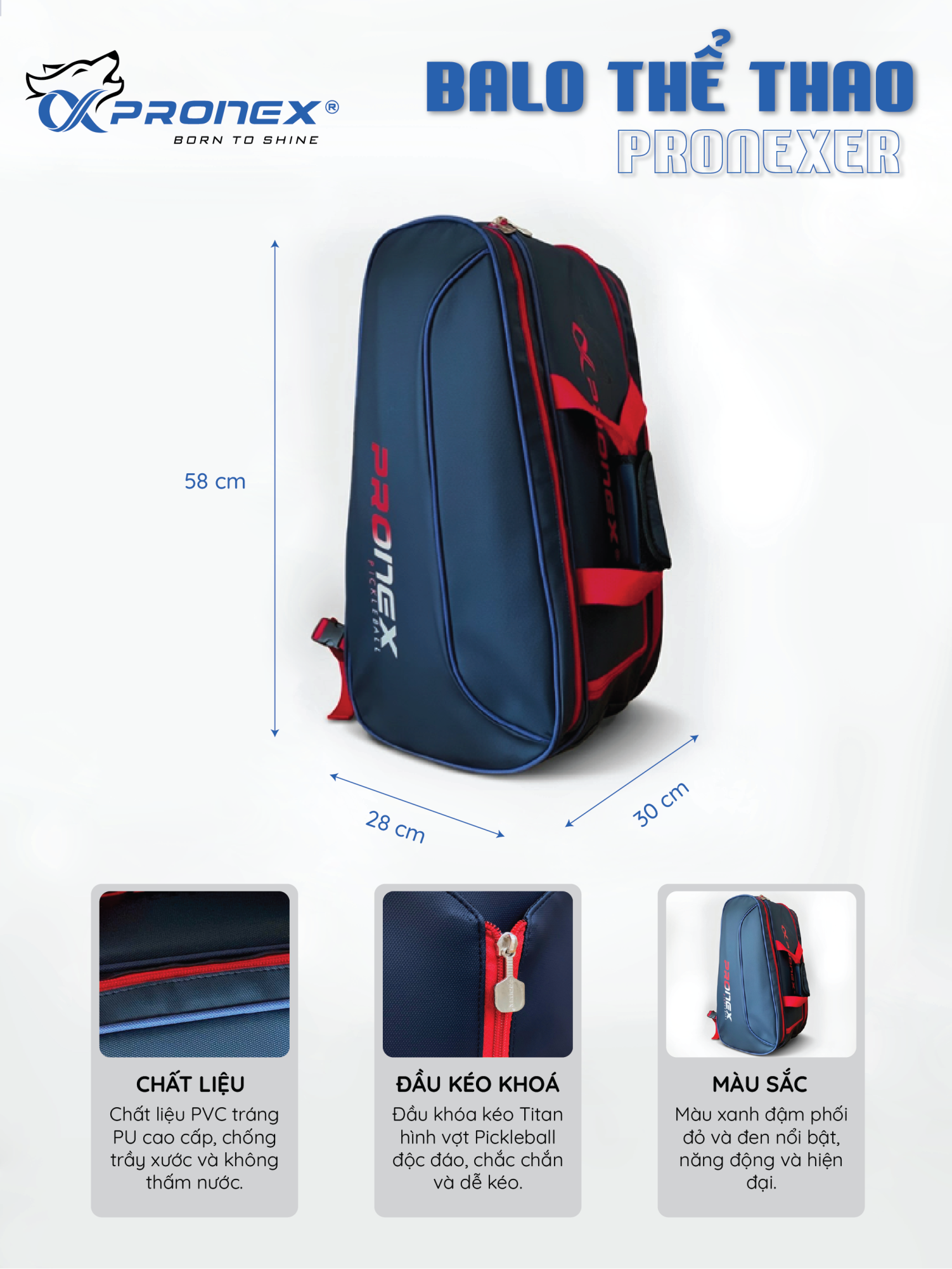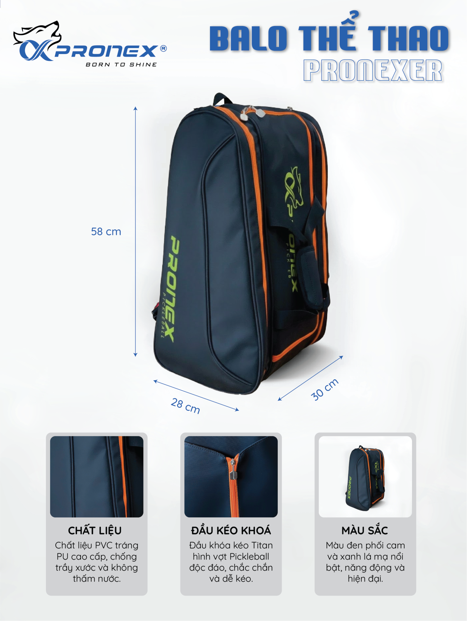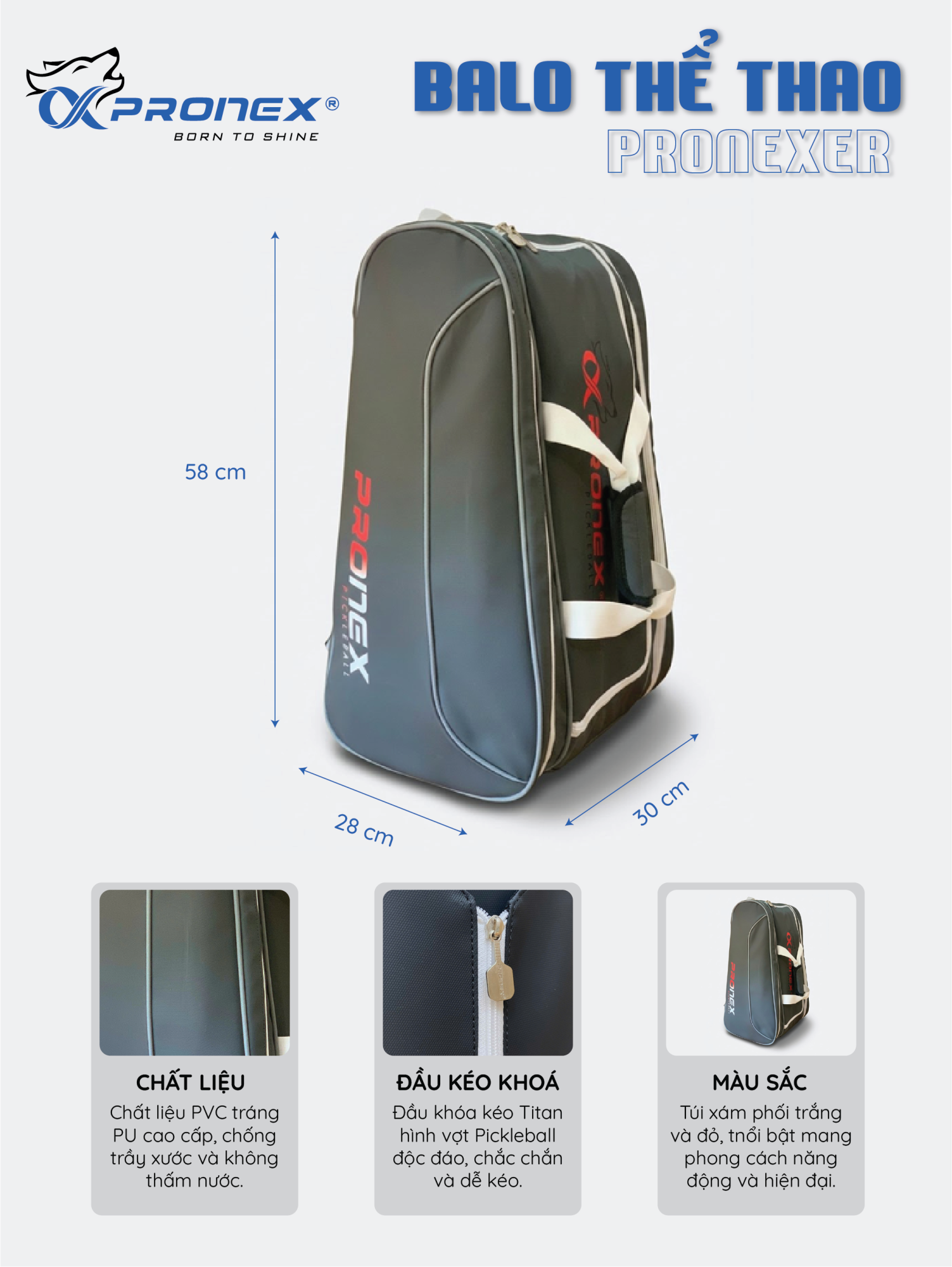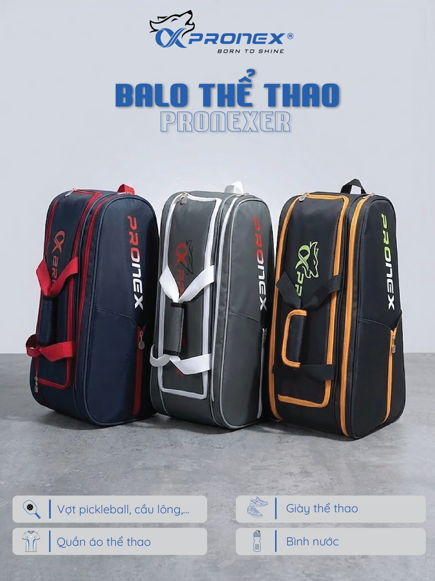 Balo thể thao PRONEXER được thiết kế dành riêng cho người chơi thể thao hiện đại, đặc biệt phù hợp với Pickleball, cầu lông, gym… Form balo đứng gọn gàng, mạnh mẽ kết hợp cùng màu sắc nổi bật giúp bạn luôn nổi bật trên sân.
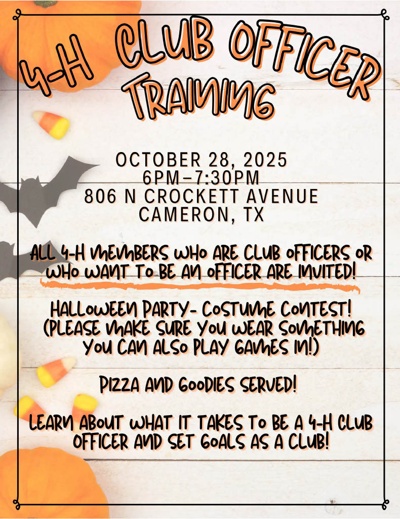 Next Milam County 4-H County Council Meeting: October 28, 2025
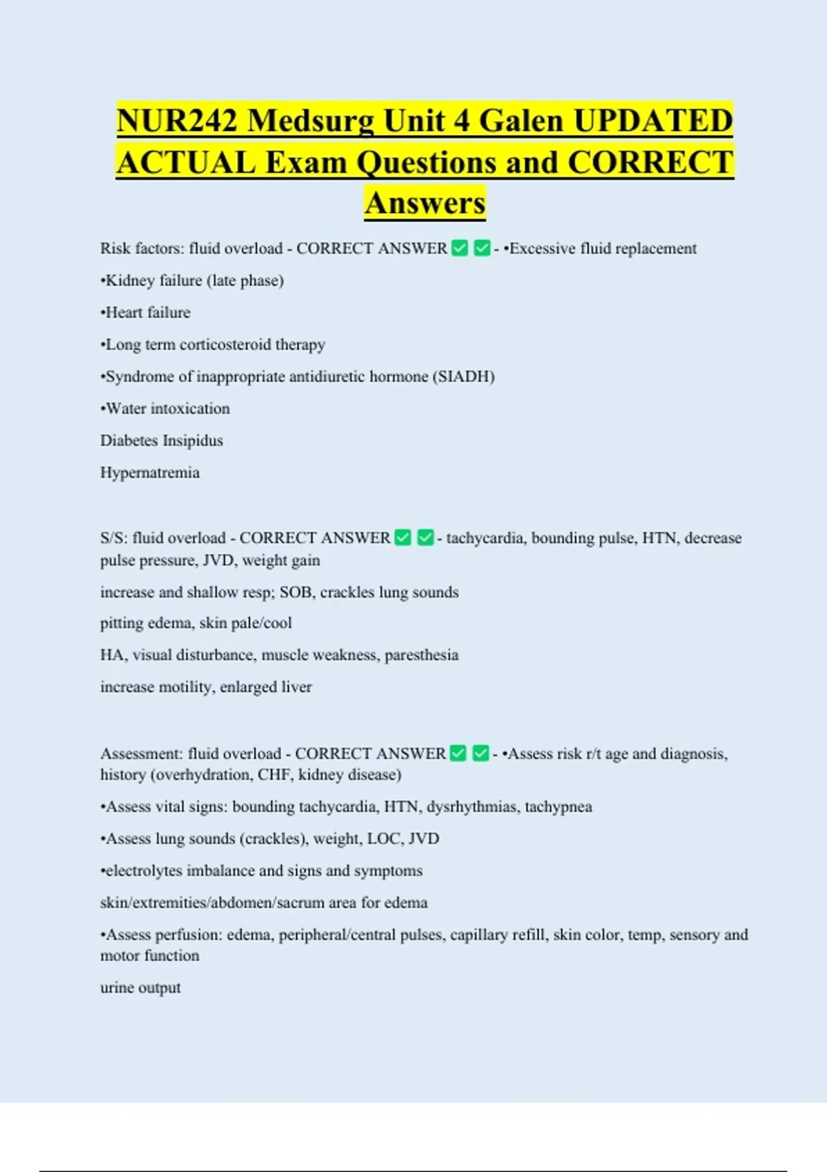 Assessment: fluid overload - CORRECT ANSWER - •Assess risk r/t age and diagnosis,
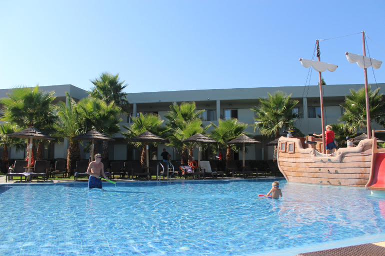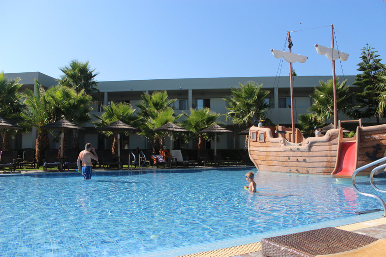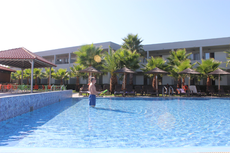 Сам номер симпатичный. Две кровати рядом и одна отдельно у стеночки. Телевизор, минибар (в нем одинокие три бутылки воды, которые, кстати, не приносятся больше, а воду, как объяснила нам потом гид на встрече в эти бутылочки нужно наливать самостоятельно в любом ресторане или баре, удивило, но не более... Неудобства в этом не было), кондиционер, шкаф, все как полагается))) Сейф есть, но он закрыт, ключ нужно оплачивать на ресепшн. Причем, судя по конструкции сейфа, это реально КЛЮЧ, т.е. железяка. Стоимость не помню, но меня сам факт ключа (а не кода, как обычно) несколько напряг, т.к. я бы его обязательно потеряла, поэтому мы решили рискнуть (как гид сказала, воровства в отеле нет, поэтому наверное риск был небольшим) и хранить все без сейфа. Большой балкон (как я поняла, на первом этаже балконы раза в два больше, чем на этажах выше), на балконе стол и два стульчика. Все очень мило. Курить на балконе можно. Да и вообще в Греции курят везде, как я поняла...
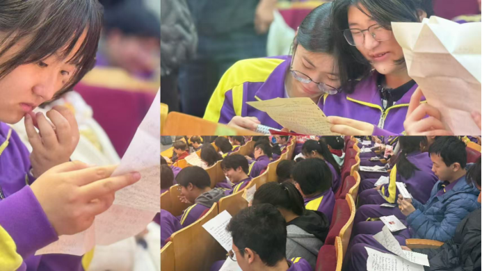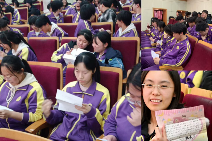 高三(2)班姜帝同同学的家长代表全体家长发言,道出了父母们的心声:“你们的成长离不开家校一体的完美结合,也离不开安宁祥和的社会环境,父母的关爱早已整装待发,我们一直是你们坚强的后盾。”在“送你一封信,听听我的心”特别环节中,家长与孩子以书信为舟,展开穿越代际的温柔对话。文字遇见亲情,笔尖的温度融化了时光,成为学子拼搏的不竭动力。
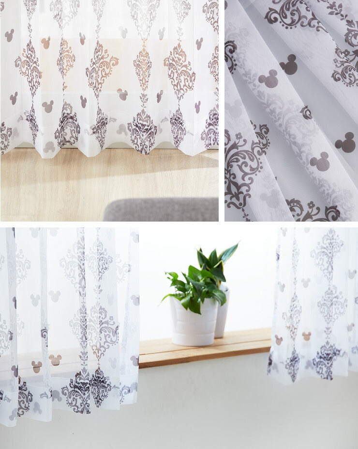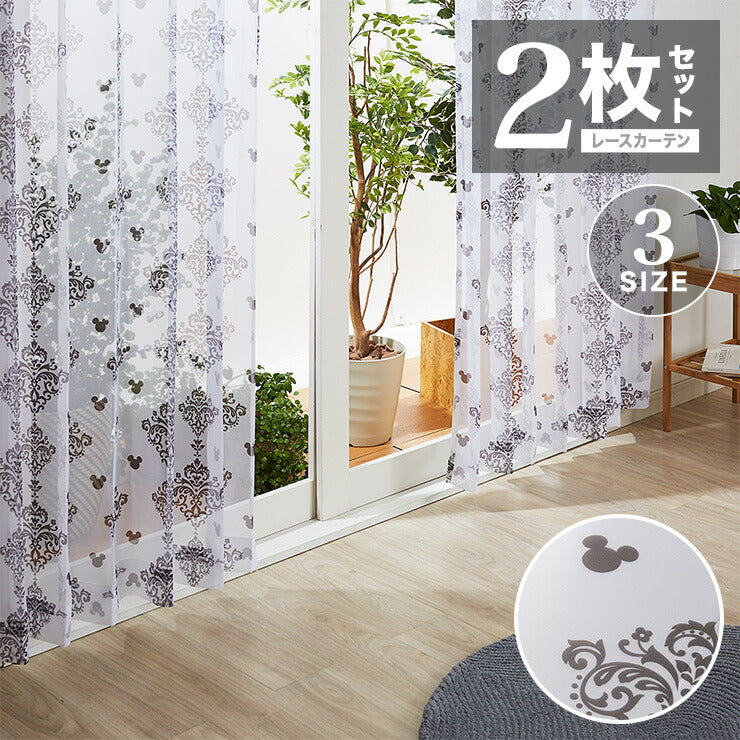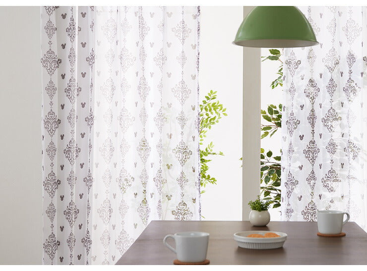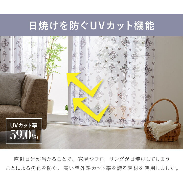 レースカーテン ディズニー disney 2枚セット ミッキー ミッキーマウス オーナメント 遮像 UVカット カーテン 幅100 洗える(代引不可)

YOUR GOAL ->
Please give back exactly the lines from the first line of the records above through the line containing "Assessment: fluid overload", only those and both included, with the pictures removed.

WRITTEN ANSWER ->
 Balo thể thao PRONEXER được thiết kế dành riêng cho người chơi thể thao hiện đại, đặc biệt phù hợp với Pickleball, cầu lông, gym… Form balo đứng gọn gàng, mạnh mẽ kết hợp cùng màu sắc nổi bật giúp bạn luôn nổi bật trên sân.
 Next Milam County 4-H County Council Meeting: October 28, 2025
 Assessment: fluid overload - CORRECT ANSWER - •Assess risk r/t age and diagnosis,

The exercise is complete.